» **DIRECTIONS FOR THIS TASK**: Omit every picture and return the rest of the data unaltered.

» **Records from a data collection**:
____
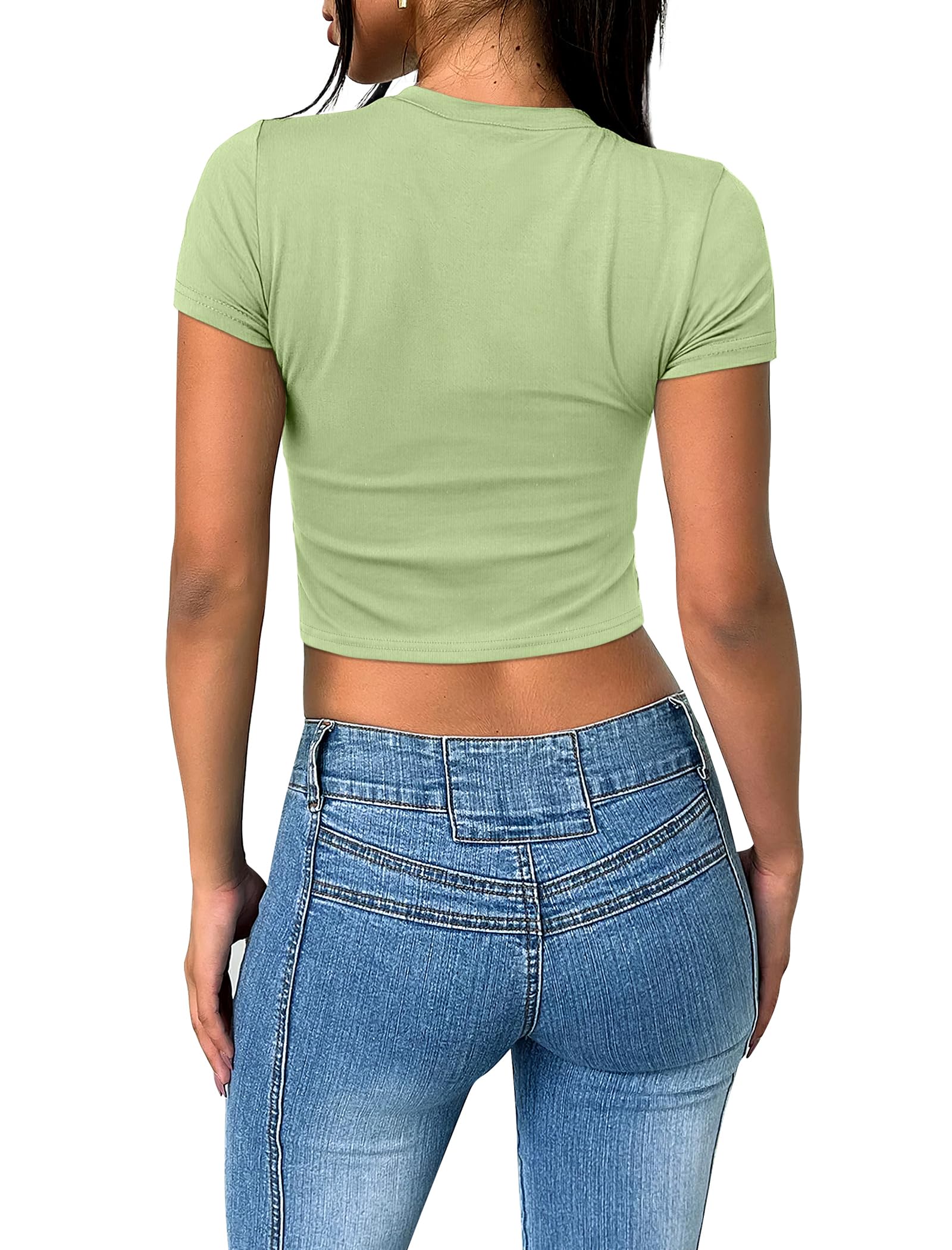 Y2K Design: This top features a cute, slim-fitted, and casual style with a crew neck and short sleeves. It comes in both cropped and regular styles, giving you the option to wear it as a regular top or fold it up for a trendy crop top look. Whether you're dressing up for a night out or going for a casual look, this top is perfect for any occasion.
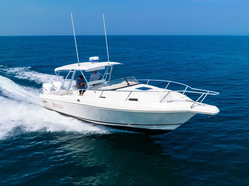 This 339 Fisherman is the ultimate blend of versatility and performance. Whether you're chasing pelagics offshore, island-hopping with friends, or sneaking in an overnight adventure, she's ready to deliver. With new Mercury Verados and a host of recent upgrades, "Bingo" is turn-key and waiting for her next chapter!
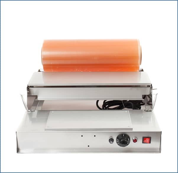מכונת אריזה למגשים (“שרינק”) תוצרת הארץ, איכותית ובעלת אישור מכון תקנים. חיתוך הניילון בחוט.
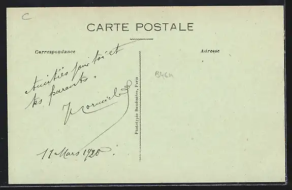 Personenbezogene Daten auf der Rückseite der Karte wurden durch blauen Textmarker unkenntlich gemacht. Die blauen Stellen sind auf die Vorderseite durchgeweicht und wirken sich negativ auf das Postkartenfoto aus
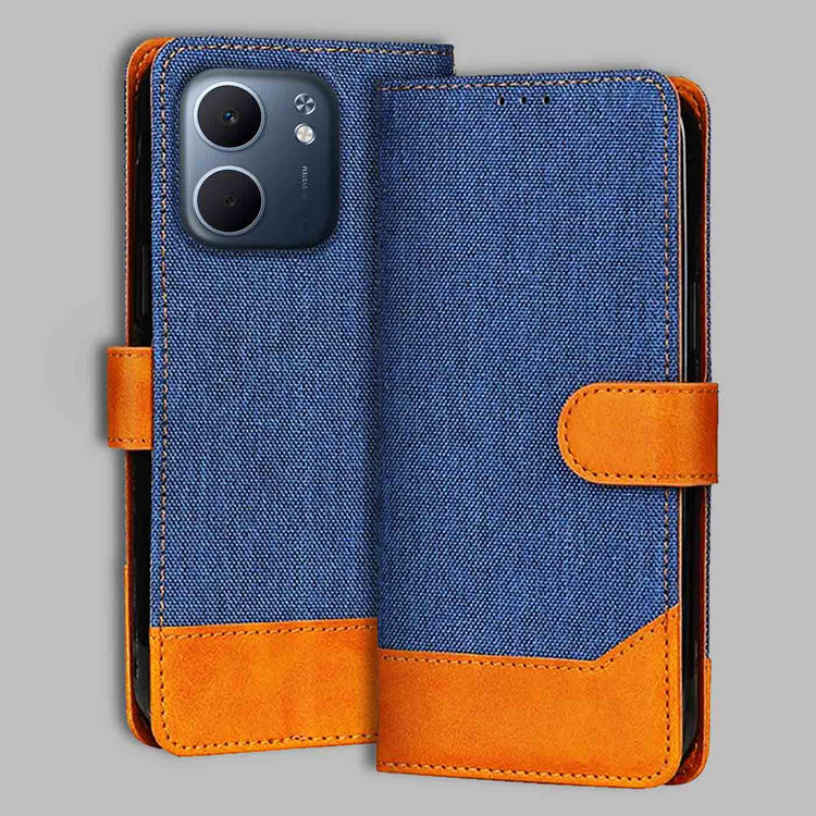 Oppo A5X 5G Denim Leather Flip Cover | Dual Color | Sleek & Durable - Blue
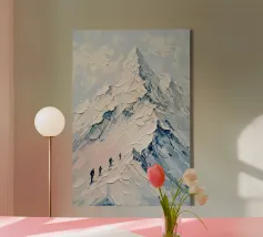 Una dinamica veduta aerea di una stazione sciistica invernale, dove gli sciatori si muovono tra i pendii innevati delle montagne. La scena energica contrasta con l'ambiente tranquillo circostante, evidenziando la vastità della località e il senso di avventura. Pennellate decise creano consistenza e movimento, immergendo lo spettatore nell'emozione degli sport invernali.
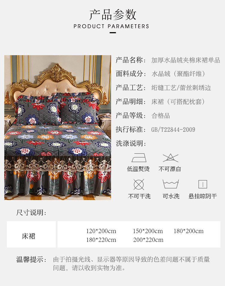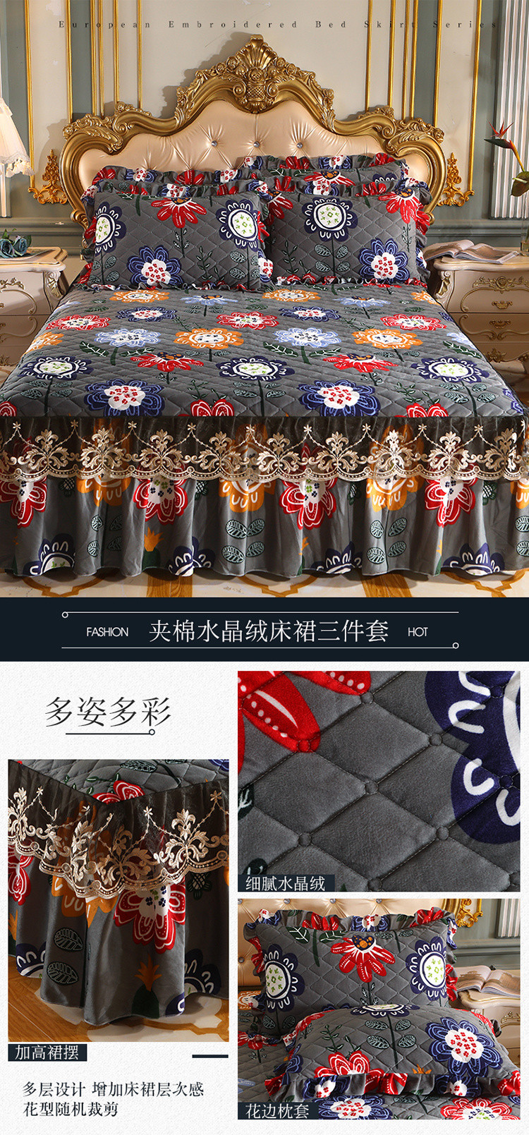 商品名称:宜凡家纺 2021新款夹棉水晶绒单品床裙 多姿多彩
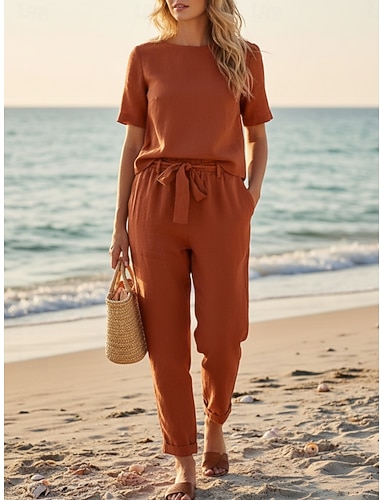 Mulheres Conjuntos de linho de algodão Conjuntos de duas peças Conjuntos de calças Manga Curta Decote Redondo Tecido Moda Roupa de rua Casual Diário Ao ar livre Verde Tropa Azul Marinha Marron Verão
____
» **TASK OUTPUT**:
 Y2K Design: This top features a cute, slim-fitted, and casual style with a crew neck and short sleeves. It comes in both cropped and regular styles, giving you the option to wear it as a regular top or fold it up for a trendy crop top look. Whether you're dressing up for a night out or going for a casual look, this top is perfect for any occasion.
 This 339 Fisherman is the ultimate blend of versatility and performance. Whether you're chasing pelagics offshore, island-hopping with friends, or sneaking in an overnight adventure, she's ready to deliver. With new Mercury Verados and a host of recent upgrades, "Bingo" is turn-key and waiting for her next chapter!
מכונת אריזה למגשים (“שרינק”) תוצרת הארץ, איכותית ובעלת אישור מכון תקנים. חיתוך הניילון בחוט.
 Personenbezogene Daten auf der Rückseite der Karte wurden durch blauen Textmarker unkenntlich gemacht. Die blauen Stellen sind auf die Vorderseite durchgeweicht und wirken sich negativ auf das Postkartenfoto aus
 Oppo A5X 5G Denim Leather Flip Cover | Dual Color | Sleek & Durable - Blue
 Una dinamica veduta aerea di una stazione sciistica invernale, dove gli sciatori si muovono tra i pendii innevati delle montagne. La scena energica contrasta con l'ambiente tranquillo circostante, evidenziando la vastità della località e il senso di avventura. Pennellate decise creano consistenza e movimento, immergendo lo spettatore nell'emozione degli sport invernali.
 商品名称:宜凡家纺 2021新款夹棉水晶绒单品床裙 多姿多彩
 Mulheres Conjuntos de linho de algodão Conjuntos de duas peças Conjuntos de calças Manga Curta Decote Redondo Tecido Moda Roupa de rua Casual Diário Ao ar livre Verde Tropa Azul Marinha Marron Verão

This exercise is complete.